P. M. Clark^*, K. C. Behnke^*,2 and D. R. Poole

^* Department of Grain Science and Industry, Kansas State University, Manhattan 66506; and Degussa Corporation, Kennesaw, GA 30144

Correspondence: ² Corresponding author: kbfeed{at}ksu.edu

	SUMMARY

TOP SUMMARY DESCRIPTION OF PROBLEM MATERIALS AND METHODS RESULTS AND DISCUSSION CONCLUSIONS AND APPLICATIONS REFERENCES AND NOTES

 
An experiment was conducted evaluating several markers to determine mix uniformity. Treatment diet was a corn-soybean meal-based diet formulated for broiler chicks fed from 0 to 17 d posthatch. Dietary nutrients or tracers evaluated included the following: 1) DL-Met (99%), 2) L-Lys-HCl (78%), 3) CP, 4) mixing salt (chloride ion), 5) P, 6) Mn, 7) Fe particles (#40 Red, count), 8) Fe particles (#40 Red, absorbance), 9) Fe particles (RF-Blue Lake), 10) roxarsone, and 11) semduramicin. All minor and microingredients were individually hand-weighed and added to the mixer to insure accuracy and were added at the same location for all treatments. Diets were mixed using a double ribbon mixer for 3 different mix times (0.5, 2.5, and 5.0 min). Overall, from 0.5 to 5.0 min, all markers evaluated showed a numerical reduction in percentage of CV. Crude protein and P should not be considered as markers, because many different components in the batch of feed contribute some level of CP or P, and results can be confounding. DL-Methionine (99%) and L-Lys-HCl (78%) were the only markers that statistically reduced over time and had a CV < 10% (23.86 to 9.47% and 19.75 to 8.70%, respectively).
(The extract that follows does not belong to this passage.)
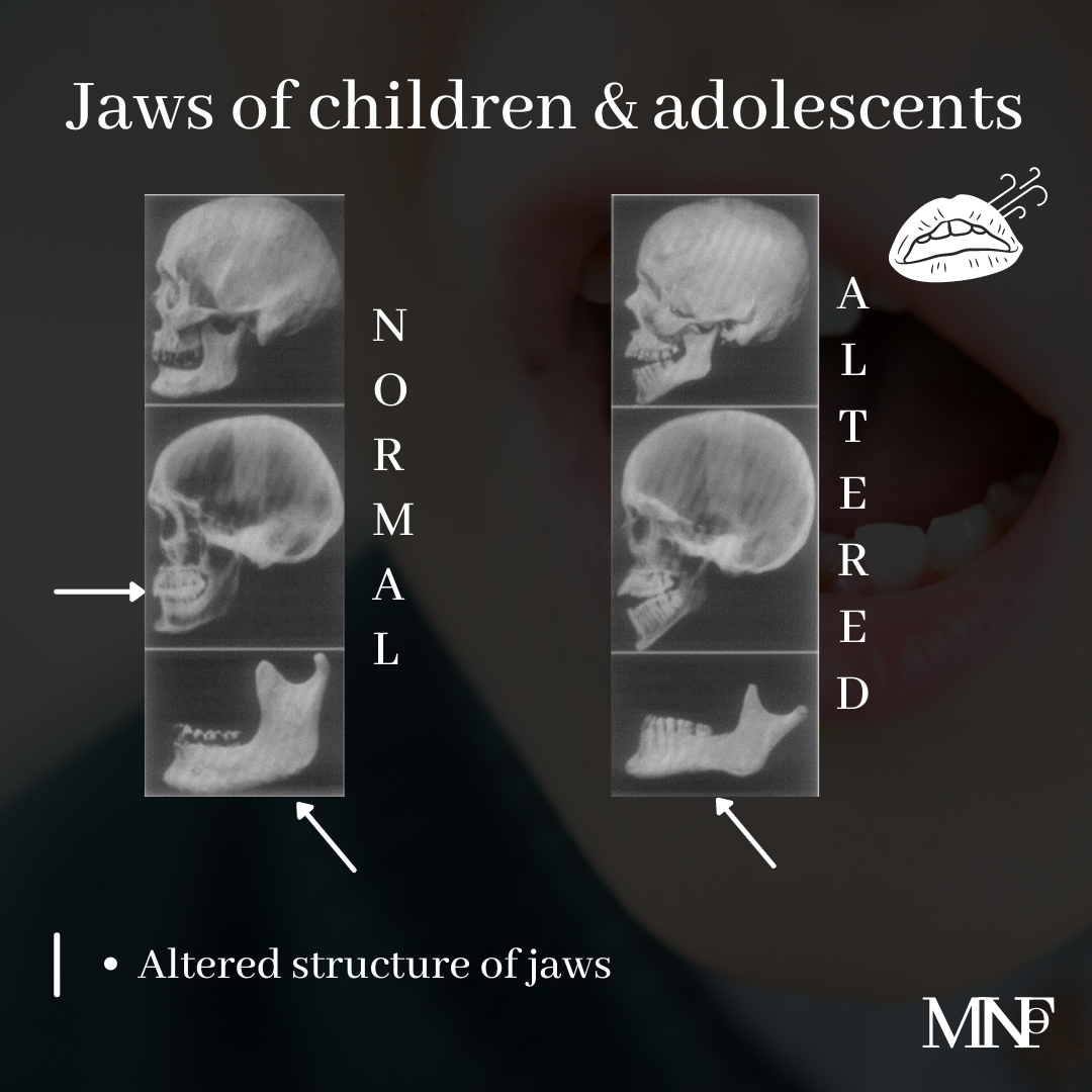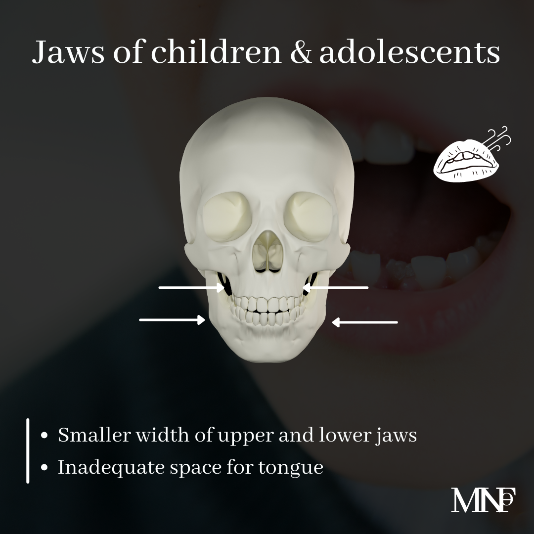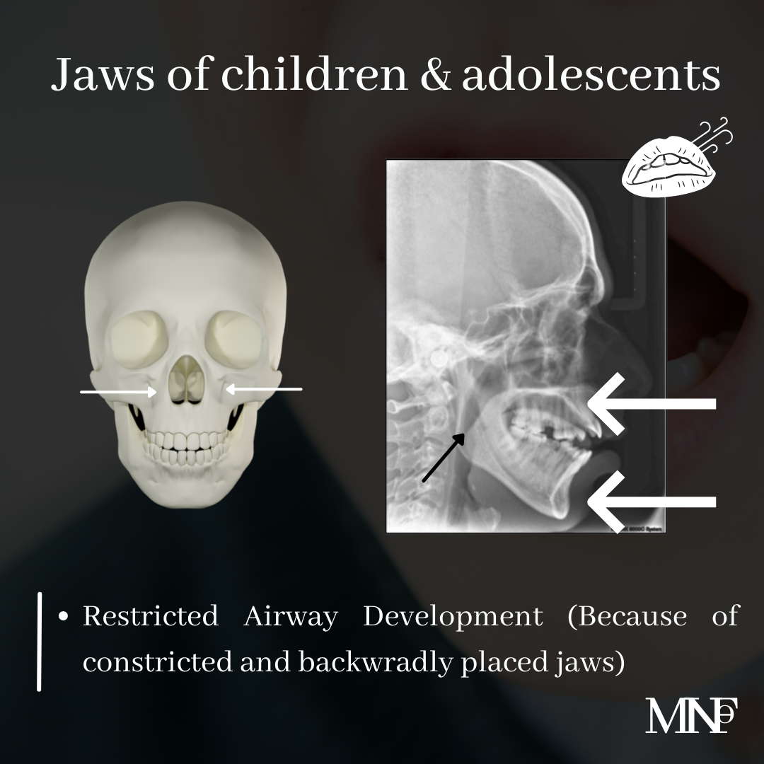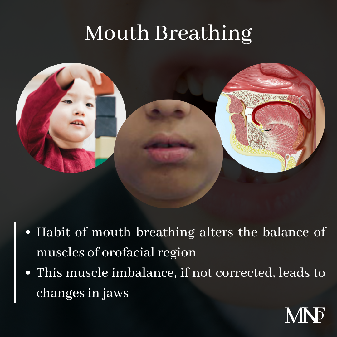 [ultimate_spacer height=”20″][ultimate_heading main_heading=”Effects of mouth breathing on jaws of children & adolescents” heading_tag=”h3″ alignment=”left” margin_design_tab_text=””][/ultimate_heading][ultimate_spacer height=”15″][vc_column_text]Habit of mouth breathing alters the balance of muscles of orofacial region. This muscle imbalance, if not corrected, leads to changes in jaws.- Smaller width of upper and lower jaws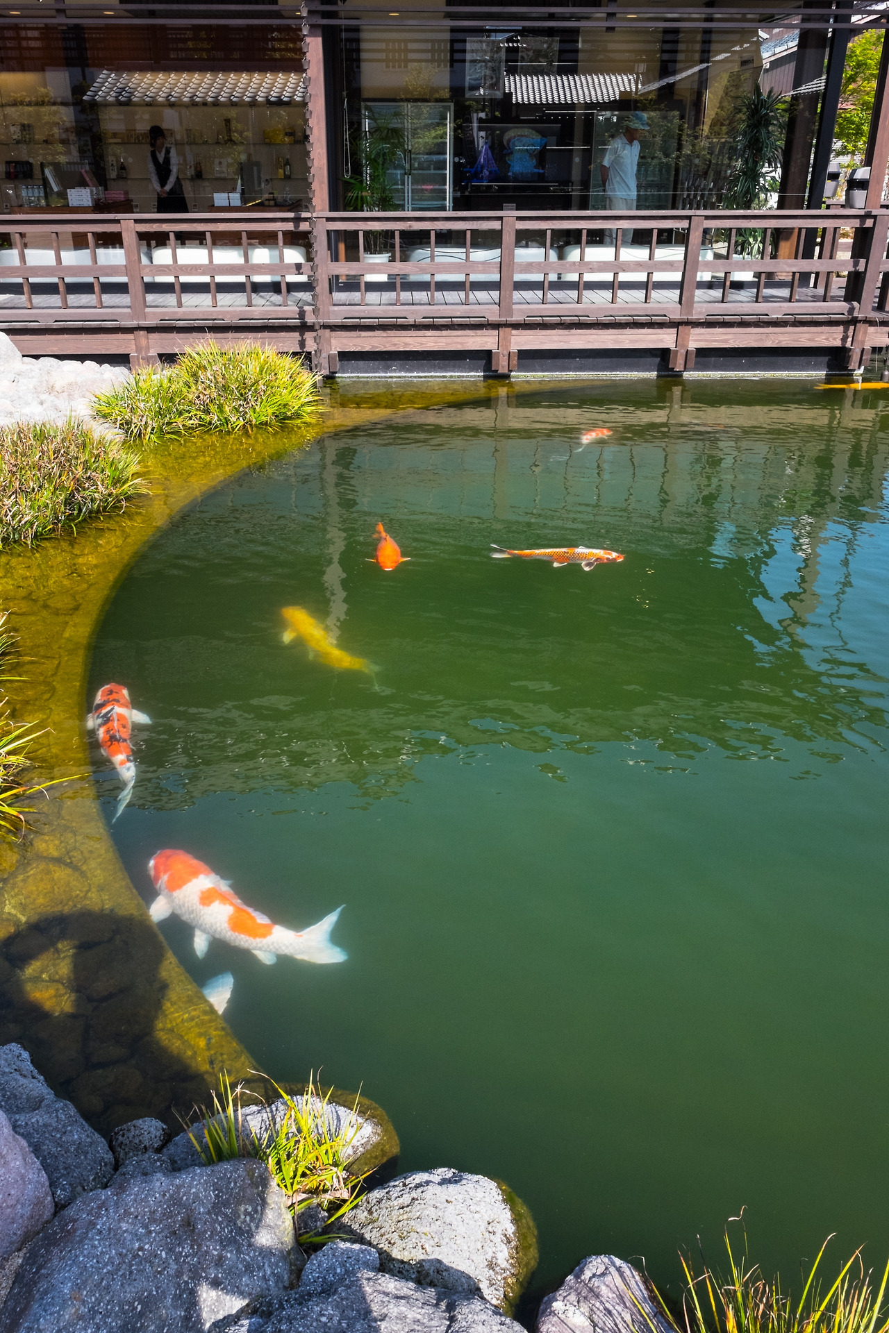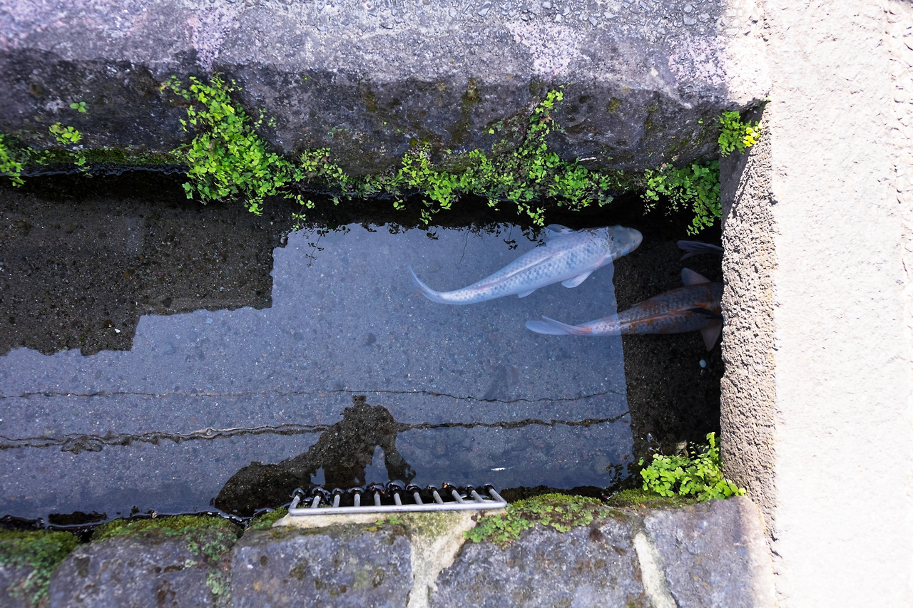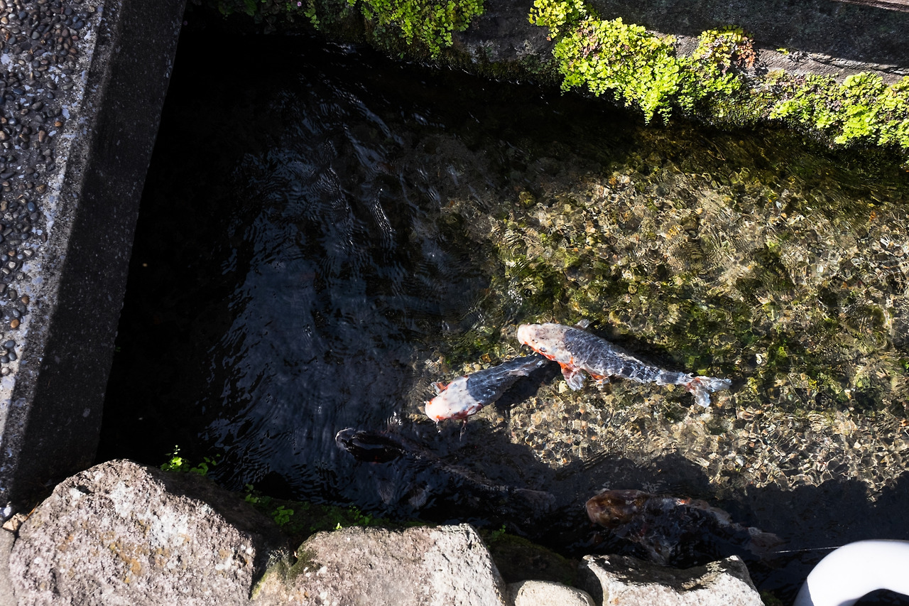 수로에 있는 잉어는 비단잉어로 몸에 알록달록한 무늬와 색깔이 있어 관상용으로 많이 키우는 종류다. 얼마나 오랫동안 마을 수로에서 자랐는지 모든 잉어가 성인 팔뚝만 한 크기를 자랑한다. 수로가 좁게 느껴질 정도. 일반 주민들이 이용하는 마을 수로에 이렇게 커다란 잉어들이 아무렇지도 않게 헤엄치고 있다는 게 신기하기만 하다. 잉어가 헤엄치는 수로의 길이는 약 100m 정도다. 가볍게 산책 삼아 수로를 따라 걸으며 정감이 느껴지는 일본 시골 마을의 주택과 돌담을 둘러보자. 코이노오요구마치 내에는 잠시 쉬어갈 수 있는 용수정원 시메이소(湧水庭園 四明荘)와 시마바라 용수관(しまばら湧水館)이 있다.

These data suggest that mixer uniformity results can be influenced by the particular marker that is chosen for mixer uniformity analysis.

Key Words: mixer uniformity • marker selection • coefficient of variation

	DESCRIPTION OF PROBLEM

TOP SUMMARY DESCRIPTION OF PROBLEM MATERIALS AND METHODS RESULTS AND DISCUSSION CONCLUSIONS AND APPLICATIONS REFERENCES AND NOTES

 
Nutrient uniformity is critical for proper nutrition when feed is being consumed by animals with low daily feed intake (baby chicks, nursery pigs, etc.) [1]. Beumer [2] indicated mix uniformity as one of the critical quality control points in feed manufacturing. Concerns for creating a uniform mix would include the following: 1) nutritional overfortification by the nutritionist [3], 2) regulatory aspects [4], and 3) animal performance [5]. Wicker and Poole [3] reported mixing a 6-ton batch of feed in a typical 5-ton mixer and were unable to reduce the CV below 29.8%, even as mix time was increased. Once the batch size was reduced to 5 tons in the same mixer, mix uniformity (CV) improved dramatically from 34.6 to 2.6% and 12.0 to 4.6% as mix time was increased (supplemental Met and Lys as markers, respectively). The Feed Additive Compendium [4] has the following caution statement on several feed additives: "Must be thoroughly mixed in feeds before use." This statement is not only for the regulatory aspect in showing a Food and Drug Administration official that your mixer is performing adequately, but one must be able to report assay results for feed additives and other nutrients to guarantee concentration levels stated on feed labels. To accomplish this, a CV < 10% has been used throughout the feed industry as the level that mixer uniformity must achieve to be considered a good mix.

McCoy et al. [5] evaluated broiler performance as affected by mix uniformity and reported an increase in average daily gain (23.6 to 30.6 g), average daily feed intake (43.1 to 52.7 g), and gain:feed (0.548 to 0.576) during the growing phase as mixer revolution (mix time) was increased. In addition, McCoy et al. [5] reported a reduction of mortality from 12.0 to 0.0% as mixer revolution increased.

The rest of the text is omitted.